El 2 de noviembre se dedica a la celebración del Día de Difuntos o Día de los Fieles Difuntos, para honrar y conmemorar a los difuntos fieles de la religión católica y cristiana.

Esta efeméride fue instituida en el año 998 por el monje benedictino San Odilón de Francia, siendo adoptada por Roma en el siglo XVI y posteriormente difundida en todo el mundo.
¿Qué es el Día de Difuntos?
El Día de Difuntos es un día festivo religioso celebrado por algunas iglesias cristianas (Iglesias Cristianas Ortodoxas Occidentales, Unión de Utrecht, Comunidad de Provoo, Comunión Anglicana e Iglesia Católica), en memoria de los fallecidos.
Esta efeméride es igualmente conocida como «Día de los Fieles Difuntos» o «Conmemoración de Todos los Fieles Difuntos». Está vinculada a la celebración católica del Día de Todos los Santos» y el «Día de los Muertos». Tiene como finalidad orar por los fieles que han muerto y por aquellos que se encuentran en estado de purificación en el Purgatorio, de acuerdo a la religión católica.
Esta celebración se sustenta en la doctrina que establece que al morir las almas de los fieles no han sido limpiadas de pecados veniales, o bien no han sido expiadas por trasgresiones del pasado. Debido a que dichas almas no pueden alcanzar la Visión Beatífica, se realizan rezos y el sacrificio de la misa.

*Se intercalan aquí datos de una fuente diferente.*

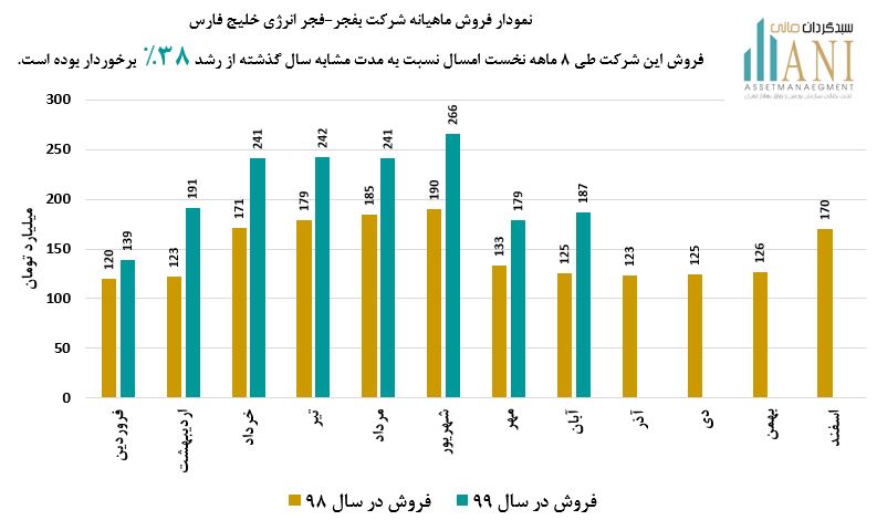 مبلغ فروش شرکت فجر انرژی خلیج فارس طی 8 ماه ابتدایی سال 1399 حدود 1،686 میلیارد تومان بوده که نسبت به دوره مشابه سال گذشته ( 1،226 میلیارد تومان ) از رشد حدود 38% برخوردار بوده است.
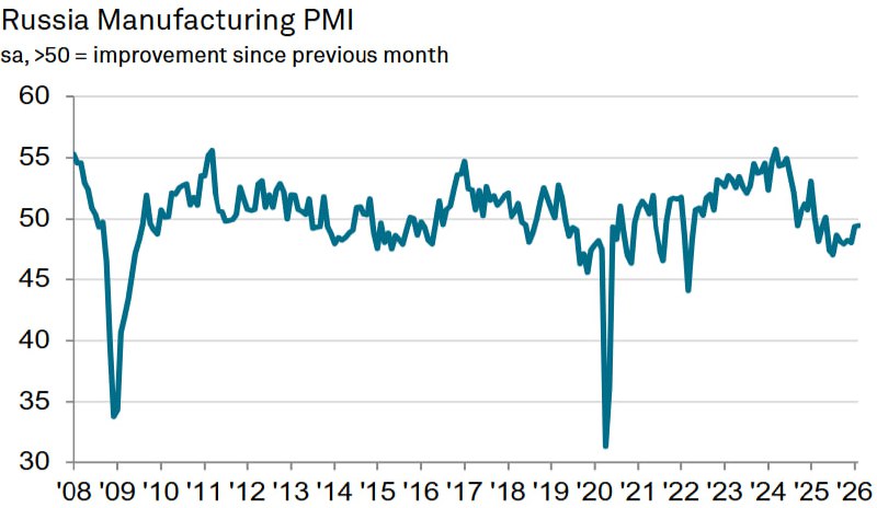 🇷🇺Российская промышленность — сигналы стагнации В феврале индекс обрабатывающей промышленности PMI (выборочные опросы предприятий) вырос до уровня 49,5 (декабрь: 49,4). Значение ниже 50 означает со

El Día de Muertos es una tradición mexicana celebrada el 1 y 2 de noviembre en la que se honra la memoria de los muertos. Declarado como Patrimonio Intangible de la Humanidad por la Unesco en 2008, el Día de Muertos contiene muchas tradiciones especiales para honrar a las personas que ya no están vivas. En México, es reconocido como una especie de símbolo de identidad nacional y se enmarca en la creencia de que las almas de los muertos regresan al mundo de los mortales: el 1 de noviembre los niños, y al día siguiente los adultos. También es celebrada en países latinoamericanos como Bolivia, Ecuador, y, en menor grado, en países de América Central y en la región andina de América del Sur.